A sentence that is broken down into its individual constituents and their associated metadata. This object utilizes caching to avoid performing expensive computations redundantly.

Source code in src/limes/sentence.py
class Sentence:
    """
    A sentence that is broken down into its individual constituents and their
    associated metadata.
    This object utilizes caching to avoid performing expensive computations
    redundantly.
    """

    def __init__(self, sent: DocumentProtocol, analyzer: BaseAnalyzer):
        """
        Create a `Sentence` object.

        Parameters
        ----------
        sent : DocumentProtocol
            A sentence, as parsed by a `Parser` object.
        analyzer : Analyzer
            The analyzer that is to be used for actual barrier analysis.
        """
        self._sent = sent
        self._analyzer = analyzer
        # Cache variables.
        self._barriers: list[Barrier] | None = None
        self._local_complexities: list[tuple[SpanProtocol, float]] | None = None
        self._find_index: dict[
            bool,
            dict[
                tuple[str, str],
                list[TokenProtocol],
            ],
        ] = {}

    def __str__(self) -> str:
        """Return the raw string of the sentence."""
        return self._sent.text

    def __repr__(self) -> str:
        return f"Sentence({self._sent.text})"
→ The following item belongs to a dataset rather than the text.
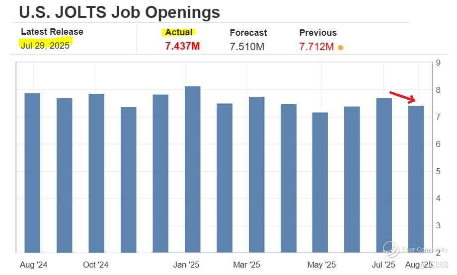 Latest data from US Bureau of Labour Statistics (BLS) revealed a decrease in JOLTs job openings, a key indicator of job vacancies in June 2025.
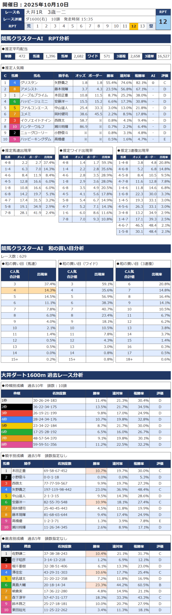本日の無料・有料AI予想 レース情報

    def __iter__(self) -> Iterator[TokenProtocol]:
        """
        Iterate over all `TokenProtocol`s contained in the given sentence. The
        type of returned `TokenProtocol` subclass depends on the `Parser` with
        which this sentence was created.
        """
        yield from self._sent

    def __getitem__(self, i: int) -> TokenProtocol:
        """
        Return the i-th `TokenProtocol` in the given sentence. The type of
        returned `TokenProtocol` subclass depends on the `Parser` with which
        this sentence was created.
        """
        return self._sent[i]

    @property
    def barriers(self) -> list[Barrier] | None:
        """
        All barriers contained in the sentence, as detected by the `Analyzer`
        attached to this sentence.
        """
        if self._barriers is None:
            self._barriers = self._analyzer.detect_barriers(self._sent)
        return self._barriers

    @property
    def local_complexities(self) -> list[tuple[SpanProtocol, float]]:
        """
        A list of syntactically coherent phrases that constitute the given
        sentence, as well as their respective calculated syntactic complexities.
        You can sum the local complexities to get a sound heuristic for the
        complexity of the complete sentence.
        """
        if self._local_complexities is None:
            self._local_complexities = self._analyzer.compute_local_complexities(
                self._sent
            )
        return self._local_complexities

    def global_complexity(
        self,
        heuristic: ComplexityAlgorithm = ComplexityAlgorithm.AGGREGATED_LOCAL,
    ) -> float:
        """
        The complexity of the sentence as a whole.

        Parameters
        ----------
        heuristic : ComplexityAlgorithm
            Determines which heuristic to use to calculate the complexity.
        """
        return self._analyzer.compute_global_complexity(self._sent, heuristic)

    def find(
        self,
        word: str,
        pos: PartOfSpeechTag,
        dehyphenate: bool = False,
        consider_fallback_tags: bool = True,
    ) -> list[TokenProtocol] | None:
        """
        All instances of the given word contained in the `Sentence`, if any. The
        function builds an index on first run, yielding a lookup of O(n).
        Subsequent lookups occur in constant time.

        Parameters
        ----------
        word : str
            The word to be searched for. You can pass in surface forms of words
            but using its lemma is suggested to reduce false negatives.
        pos : PartOfSpeechTag
            The part-of-speech tag of the word you are looking for.
        dehyphenate : bool (Optional)
            Whether or not to strip hyphens from tokens in the provided `Text`.
            This is recommended in languages that allow concatenating words
            with or without hyphen (such as German), as arbitrary hyphenation
            in the underlying text may lead to false negatives.
        consider_fallback_tags : bool (optional)
            Whether to consider alternative POS tags in cases where the
            language-specific `BaseAnalyzer` implementation supports it. This
            option is useful for cases where automated Part-of-Speech taggers
            struggle to discern between certain tags (e.g. "NOUN" and "PROPN")
            and tagging performance is less reliable in these cases.

        Returns
        -------
        A list of tokens contained in the `Sentence` that match the provided
        details about the searched-for word. If no tokens in the `Sentence`
        match, returns None.
        """
        # We lowercase the lemma because sentence processing lowercases lemmas
        # as well. We rely on the part-of-speech tag to avoid false positives
        # that may occur due to lost information during lower-casing.
        word = word.lower()
        if dehyphenate:
            word = word.replace("-", "")
        results: list[TokenProtocol] = []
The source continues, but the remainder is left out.